In reply to that question, someone may reasonably answer, "No, of course not. That's not the way. Let's not talk about blaming anyone. But we have to take steps to create a pure atmosphere in which we can try our best to make advancement and thereby attract the Lord's mercy." That is a good answer. But...even if we do that, the mercy of the Lord that we attract by our efforts may manifest in a way we don't expect. Maharaja Bharata nicely "managed" to leave his throne and go to the forest to cultivate his taste for Krishna consciousness. But God arranged that he became attached to a deer instead. Not that God forcibly attached his mind to the deer, but He made the arrangement by which Maharaja Bharata's latent material attachments came up in his heart to focus upon the deer. The result was that even though he had attained the exalted state of bhava-bhakti, Maharaja Bharata had to take birth as a deer in his next life.  

But while he was in that deer body, the Lord permitted him to remember his previous life's devotional service. And so, as a deer, Maharaja Bharata took to hearing about Krishna with the greatest urgency. Then he was blessed with the full measure of higher taste. Thus after giving up that deer body, he became the spiritually famous Jada Bharata. Obviously, Krishna's plan for delivering His devotee and Maharaja Bharata's own plan for getting himself delivered were a little different!  

We are not being offensive to the principle of good management in ISKCON by reflecting upon these truths that are so plainly stated in Srimad-Bhagavatam.
  
Offenses are created by the way we express ourselves, and by the way we act. If we express anger and frustration and act impetuously (i.e. in the mode of passion), denouncing other devotees for faults that we ourselves carry in our own hearts, then we commit offenses. 

We should persevere. This word means "to persist in or to remain constant to a purpose, an idea, or a task in the face of obstacles or discouragement." I personally find institutionalization discouraging. So discouraging I was forced, by a condition of depression, to resign from the GBC. But I remain constant in my purpose as a disciple of Srila Prabhupada and as a servant of his Society. It is a question of finding the position and service for yourself in which you can best persist.  

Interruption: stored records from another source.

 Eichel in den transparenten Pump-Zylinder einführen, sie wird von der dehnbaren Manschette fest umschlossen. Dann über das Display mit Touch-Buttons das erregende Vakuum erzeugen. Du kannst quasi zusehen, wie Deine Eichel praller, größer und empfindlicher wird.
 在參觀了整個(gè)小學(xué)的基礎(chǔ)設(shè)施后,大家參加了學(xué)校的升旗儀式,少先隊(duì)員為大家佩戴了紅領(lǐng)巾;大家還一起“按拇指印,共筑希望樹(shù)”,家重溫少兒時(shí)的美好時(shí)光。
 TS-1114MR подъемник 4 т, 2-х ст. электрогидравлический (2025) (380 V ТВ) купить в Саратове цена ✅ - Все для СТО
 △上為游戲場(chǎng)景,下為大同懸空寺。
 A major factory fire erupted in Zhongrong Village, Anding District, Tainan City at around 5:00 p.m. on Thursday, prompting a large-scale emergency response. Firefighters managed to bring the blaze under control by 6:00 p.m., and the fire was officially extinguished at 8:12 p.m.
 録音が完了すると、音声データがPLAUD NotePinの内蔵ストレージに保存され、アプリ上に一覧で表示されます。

There is another state of mind called obstinacy. It can look a lot like perseverance. But obstinacy is defined as: "the state or quality of being stubborn or refractory." Refractory means "to be resistant to authority." Therefore it is said: "The difference between perseverance and obstinacy is that one often comes from a strong will, and the other from a strong won't."  

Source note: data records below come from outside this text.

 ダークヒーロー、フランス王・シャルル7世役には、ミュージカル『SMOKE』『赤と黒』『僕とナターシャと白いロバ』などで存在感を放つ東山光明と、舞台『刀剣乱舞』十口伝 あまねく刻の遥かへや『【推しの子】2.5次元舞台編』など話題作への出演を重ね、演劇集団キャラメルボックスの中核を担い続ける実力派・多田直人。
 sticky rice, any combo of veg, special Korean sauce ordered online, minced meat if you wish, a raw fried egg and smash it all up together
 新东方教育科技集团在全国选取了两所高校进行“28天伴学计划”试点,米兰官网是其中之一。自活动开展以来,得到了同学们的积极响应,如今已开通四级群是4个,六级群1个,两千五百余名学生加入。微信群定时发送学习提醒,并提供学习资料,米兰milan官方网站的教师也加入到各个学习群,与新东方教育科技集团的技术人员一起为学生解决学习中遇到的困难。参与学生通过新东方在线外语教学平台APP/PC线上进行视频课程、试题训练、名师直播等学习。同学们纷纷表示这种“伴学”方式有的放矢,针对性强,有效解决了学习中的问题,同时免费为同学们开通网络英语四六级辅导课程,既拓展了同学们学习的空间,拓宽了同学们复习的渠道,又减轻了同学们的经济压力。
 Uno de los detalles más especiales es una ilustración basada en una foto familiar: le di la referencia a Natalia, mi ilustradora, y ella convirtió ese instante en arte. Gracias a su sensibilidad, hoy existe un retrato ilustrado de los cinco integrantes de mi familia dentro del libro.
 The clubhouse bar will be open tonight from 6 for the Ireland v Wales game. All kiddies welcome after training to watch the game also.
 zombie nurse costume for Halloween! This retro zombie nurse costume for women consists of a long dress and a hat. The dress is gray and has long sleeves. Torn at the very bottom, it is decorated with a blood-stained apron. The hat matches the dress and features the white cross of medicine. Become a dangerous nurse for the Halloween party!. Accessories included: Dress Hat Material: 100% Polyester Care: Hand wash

Another English saying is, "Where there is a will, there is a way." Conversely, where there is a won't, there isn't a way. If we look at the ISKCON institution only in terms of "I won't," then there is a good chance we won't find our way back to Godhead. "I won't surrender to these power-hungry ISKCON managers! I won't tolerate their hypocrisy! I won't listen to their classes, which are just the same old dry preaching over and over! I won't obey their instructions, I won't cooperate with them, I won't associate with them!" This insistent "won't" is just a weed in the heart choking the life of the devotional creeper.  

Trials teach us what we are; they dig up the soil, and let us see what we are made of; they just turn up some of the ill weeds on to the surface.  

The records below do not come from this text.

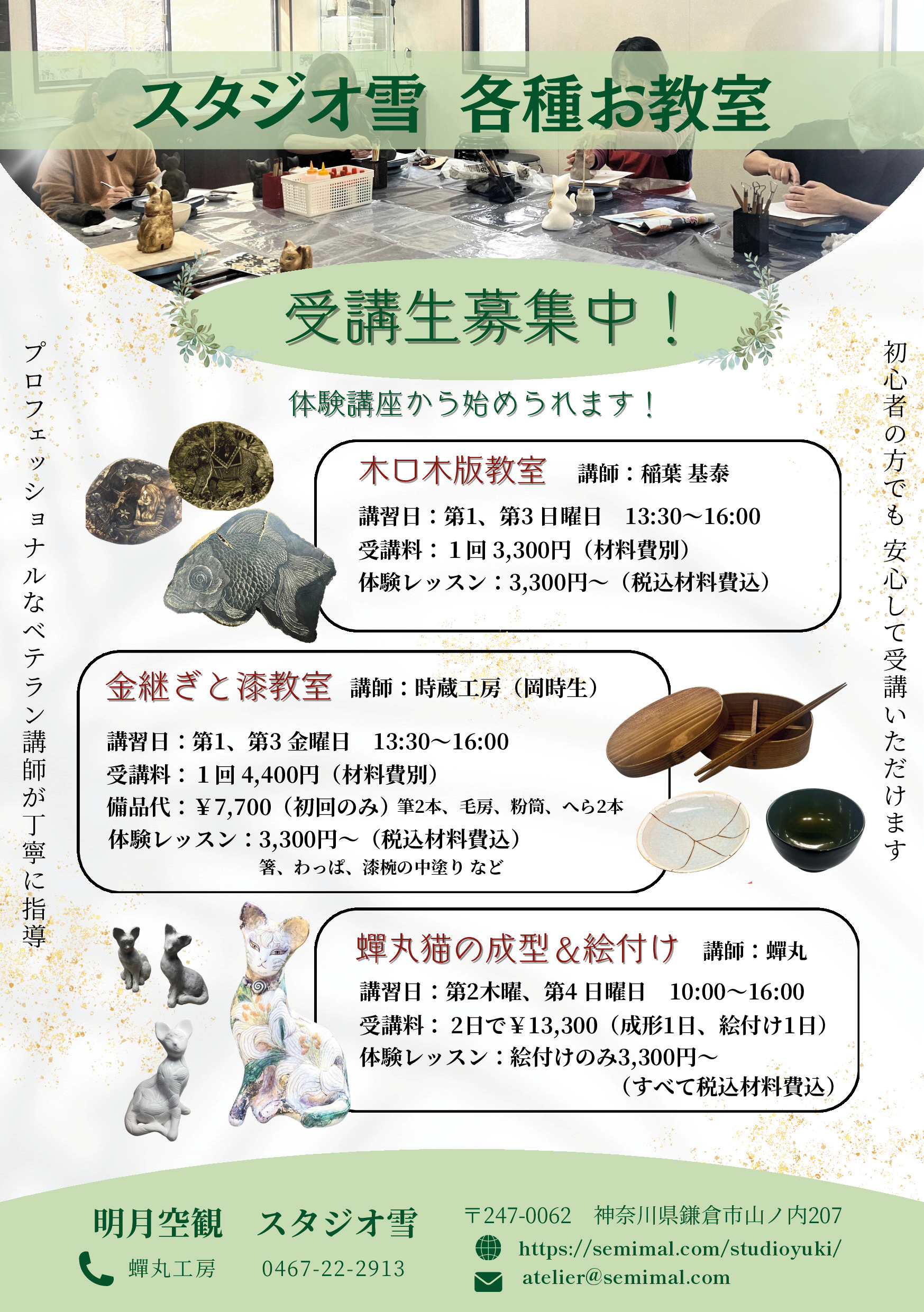 ◆蟬丸猫の成形&絵付け教室 講師:蟬丸
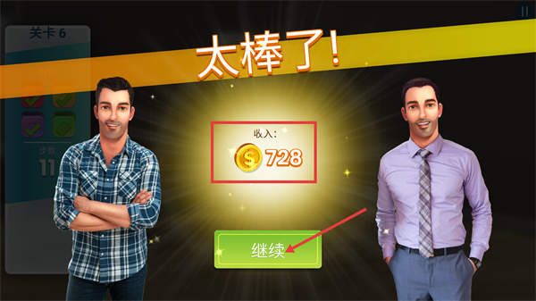4、通关后获得【收入-728】金币,点击【继续】按钮,即可开启下一关消除挑战,积累更多金币。
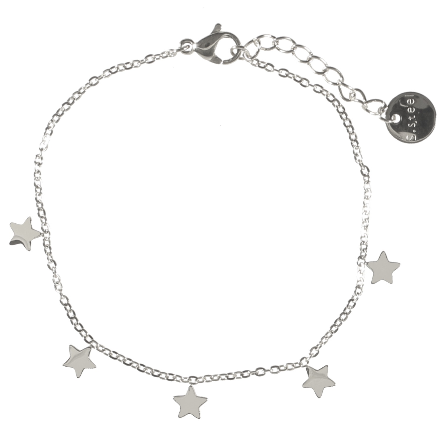 Description Bracelet avec étoiles pendantes en acier argenté. Cliquez sur une matière, un thème, une couleur ou une collection pour voir tous les articles associés.
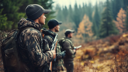 Three hunters observing their surroundings in a dense forest during autumn, carefully scanning for wildlife
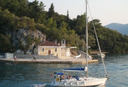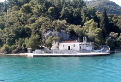 Lefkada Churches & Monasteries - Agia Kyriaki Church in Lefkada, Greece is located in the picturesque Vlichos bay, directly across from Nydri. One of the best ways to visit this sacred site is by renting a small boat. The church, which is owned by Cacon, was constructed in 1906 and features an inscription attesting to its holiness. Adjacent to the building on the left-hand side, just a few meters above ground level, you'll find a small cavern filled with religious icons. Access to the cave is provided via a staircase.

Anyway, I so much appreciate Sridhara Maharaja's mood. He has realized that management can't solve our most fundamental problems in Krishna consciousness. Only Krishna can do that. And Krishna does that in His own way, according to His own plan, because He is independent and supreme and all-powerful, and charmingly clever, too. But Maharaja does not take Krishna's supremacy over all as an excuse to be obstinant towards management. Rather, Maharaja perseveres. He has a strong will, not a strong won't. And thus he continues to go forward. Seeing his example, many devotees are inspired in their own spiritual lives. I am one of them...

I pray, pray, pray to Sri Sri Jagannatha-Sudarshana that what I am experiencing here in my talks with Godbrothers like Sridhara Maharaja, Keshava Bharati Maharaja, Bhaktividya Purna Maharaja, and Prabhupada Prabhu, is the start of a spiritual revolution. I feel incredible spiritual nourishment whenever I get the mercy of their association.